There are many open research questions about how to generate useful groupings and how to design interfaces to support exploration using grouping. Currently two methods are quite popular: clustering and faceted categorization. Here, I describe both approaches and summarize their advantages and disadvantages based on the results of usability studies.
Clustering refers to the grouping of items according to some measure of similarity. In document clustering, similarity is typically computed using associations and commonalities among features, where features are typically words and phrases [1]. One of the better implementations of clustering of Web results can be found at Clusty.com.1
The greatest advantage of clustering is that it is fully automatable and can be easily applied to any text collection. Clustering can also reveal interesting and potentially unexpected or new trends in a group of documents. A query on “New Orleans”‘ run on Clusty.com on Sept. 16, 2005 (shortly after the devastation wreaked by Hurricane Katrina), revealed a top-ranked cluster titled Hurricane, followed by the more standard groupings of Hotels, Louisiana, University, and Mardi Gras.
Clustering can be useful for clarifying and sharpening a vague query, by showing users the dominant themes of the returned results [2]. Clustering also works well for disambiguating ambiguous queries; particularly acronyms. For example, ACL can stand for Anterior Cruciate Ligament, Association for Computational Linguistics, Atlantic Coast Line Railroad, among others. Unfortunately, because clustering algorithms are imperfect, they do not neatly group all occurrences of each acronym into one cluster, nor do they allow users to issue follow-up queries that only return documents from the intended sense (for example, “ACL meeting” will return meetings for multiple senses of the term).
An underappreciated aspect of clusters is their utility for eliminating groups of documents from consideration. This result is supported by participant comments found in several studies [2, 3]. For example, if most documents in a set are written in one language, clustering will very quickly reveal if a subset of the documents is written in another language.
The disadvantages of clustering include their lack of predictability, their conflation of many dimensions simultaneously, the difficulty of labeling the groups (Clusty.com’s top-level labels are among the best implementations), and the counterintuitiveness of cluster subhierarchies. Some algorithms [2, 8] build clusters around dominant phrases, that make for understandable labels, but whose contents do not necessarily correspond to those labels.
To illustrate these weaknesses, consider a recipe example, chosen because the relevant dimensions are familiar to most people and because exploration and browsing are natural tasks for recipe collections. A search for “chicken recipes” on Clusty.com (also on Sept. 16, 2005) turns up the following motley assortment of groups:
Salad
Crockpot
Chicken Breast
Barbeque/Grilled
Soup Recipes
Healthy
Lowfat
Easy Chicken Recipes
Italian
This list is incomplete and inconsistent. Why Crockpot and Barbeque/Grilled, but not Baked and Fried? Why Chicken Breast but not Leg and Wing? Why Salad and Soup but not Main course? Why Italian recipes but not Indian, Thai, or French? Furthermore, drilling down into the hierarchies rarely reveals intuitive results. The 29 documents listed under Salad are organized by the labels:
Complete selection of Trusted Chicken Recipes
Cakes
Better Homes and Gardens
Collection
Share
Boneless Chicken Breast
Pasta Salad
and so on. Only Pasta Salad really belongs here as a label; it does not make sense for Boneless Chicken Breasts to appear in this cluster rather than in the Chicken Breasts cluster, and clearly Cake belongs in a Dessert category alongside Salad and Soups.

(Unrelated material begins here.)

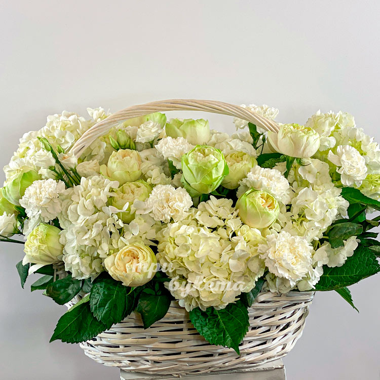 Корзина белых гортензий, гвоздик и роз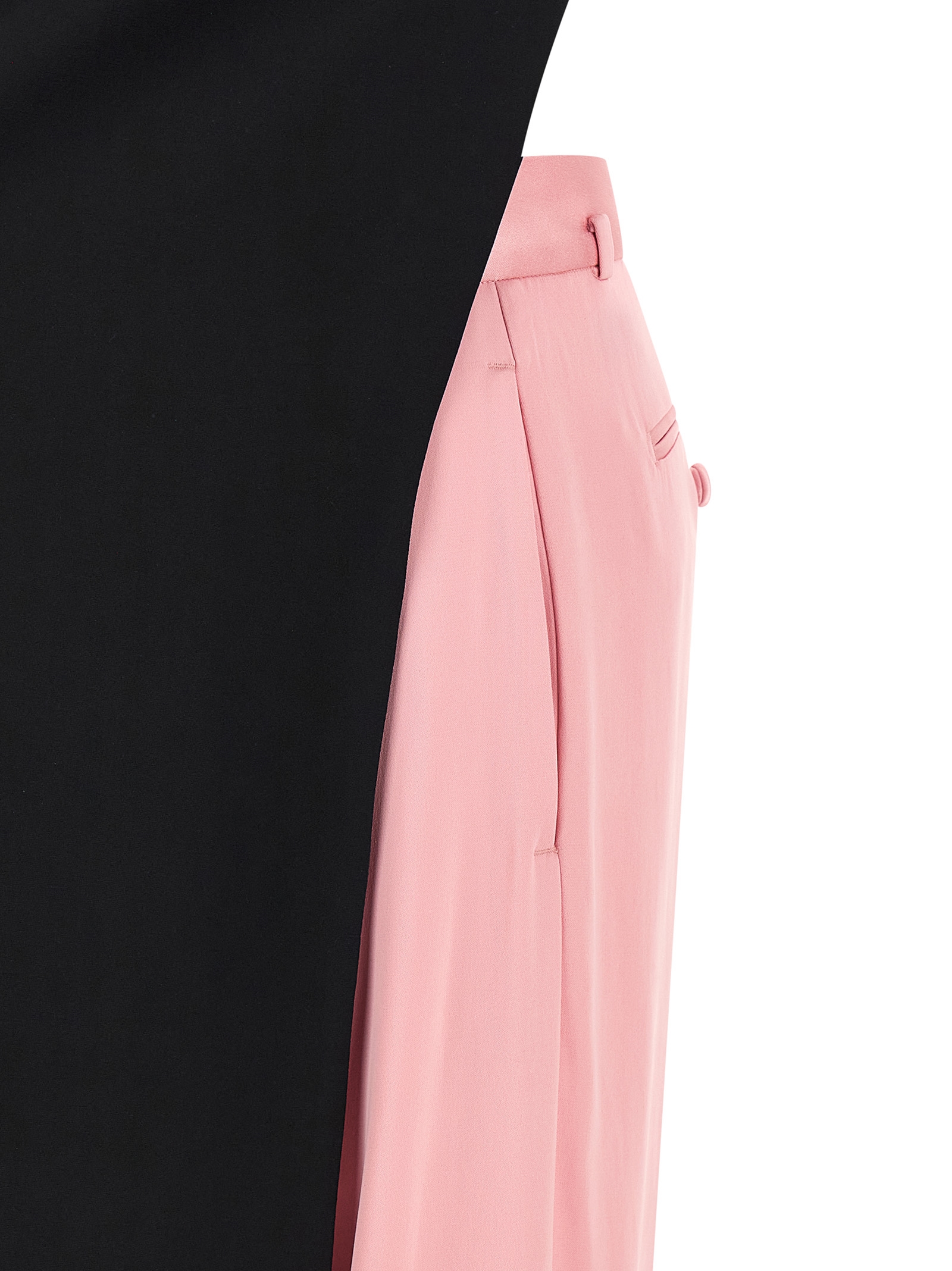 Double georgette stretch jumpsuit consisting of tunic resting on the shoulders, Long to the feet and stitched on the right leg of the trousers, Crew neck, Back zip closure, Completely exposed back and contrast trousers, Wide and straight leg, Stretched pleat, Zip hook and front button closure, Front french pockets, Back welt pockets. Size and Fit – true to size fit – FRENCH size

These kinds of errors are quite typical for clustering output. Usability results show that users do not like disorderly groupings like these, preferring understandable hierarchies in which categories are presented at uniform levels of granularity [4, 5].

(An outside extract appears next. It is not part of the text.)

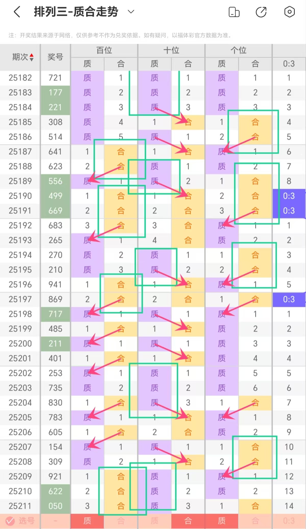 根据上期开出合数连下分析,百位质合交替有迹可循。质数、合数并非持续主导,连下后常伴随回补。连下阶段,某一属性持续出号,展现趋势性;回补时,另一属性介入,打破单极统治。这种交替非机械重复,连下周期、回补速度灵活,有时质数连下后,合数快速回补;有时合数连下周期长,让百位走势在动态中,为出号倾向提供多元参考,每一次连下与回补的切换,本期参考回补质数(12357)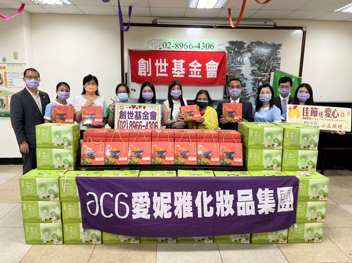 創世板橋安養院因疫情,家屬僅能透過視訊探視,無法與家人相聚。愛妮雅化妝品集團特別來到板橋院,捐助10萬元認助「暖心月餅禮盒」及「柚子禮盒」送給弱勢植物人家屬並支持植物人常年安養經費,希冀在這艱困的疫情期間,讓植物人家庭感受佳節氣氛。

Hierarchical Faceted Categories. A category system is a set of meaningful labels organized in such a way as to reflect the concepts relevant to a domain. They are usually created manually, although assignment of documents to categories can be automated to a certain degree of accuracy. Good category systems have the characteristics of being coherent and (relatively) complete and thus pose an advantage over the unpredictable results of clustering; the studies that compare the two find that participants prefer categories [4, 5].
A question arises as to what kind of category structure is most effective for exploration and browsing of information collections. There is increasing recognition that strictly hierarchical organization of categories is impoverished for these uses.

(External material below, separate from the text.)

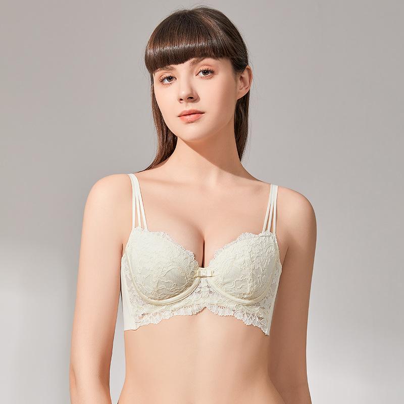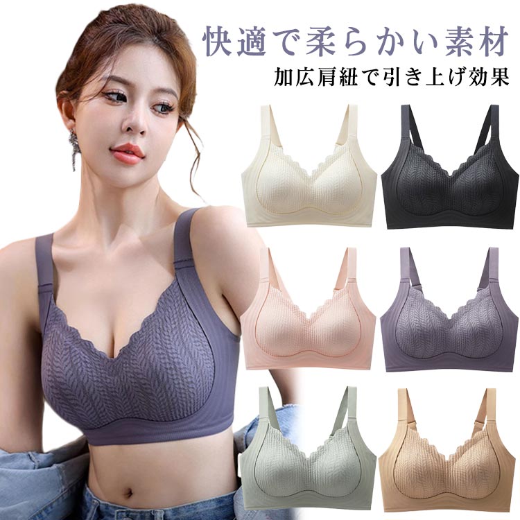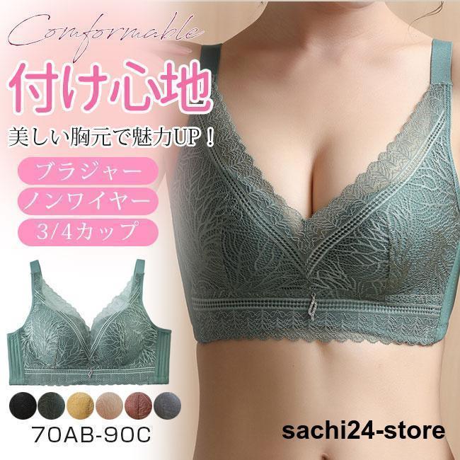 ブラジャー ショーツ 2点セット ランジェリー レース つけ心地 花柄 リボン付き ブラ ノンワイヤー 4段ホック 下厚パッド付き

An alternative representation, intermediate in complexity and very rich in flexibility, has become influential over the last few years. This representation is known as hierarchical faceted categories (HFC) [7]. The main idea is quite simple. Rather than creating one large category hierarchy, build a set of category hierarchies each of which corresponds to a different facet (dimension or feature type) relevant to the collection to be navigated. In the case of chicken (and other) recipes, these category hierarchies can include Dish Type (Main, Soup, Salad, Side, Dessert), Ingredient Type (Meat, Vegetables, Grains, Spices), Cooking Method (Bake, Fry, Grill, Easy), Cuisine Type (Italian, Indian, French), and so on. Each facet has a hierarchy of terms associated with it.
After the facet hierarchies are designed, each item in the collection can be assigned many labels from the hierarchies. Thus a recipe for “Chicken Noodle Casserole” might be assigned:
Dish Type > Pasta
PreparationType > Baking
Meat > Poultry > Chicken
Vegetables > Celery
Vegetables > Carrot
and so on. Our research group has been investigating how to build an intuitive interface for exploration and discovery within information collections using HFC; we call the resulting interface framework Flamenco [7] (flamenco.berkeley.edu).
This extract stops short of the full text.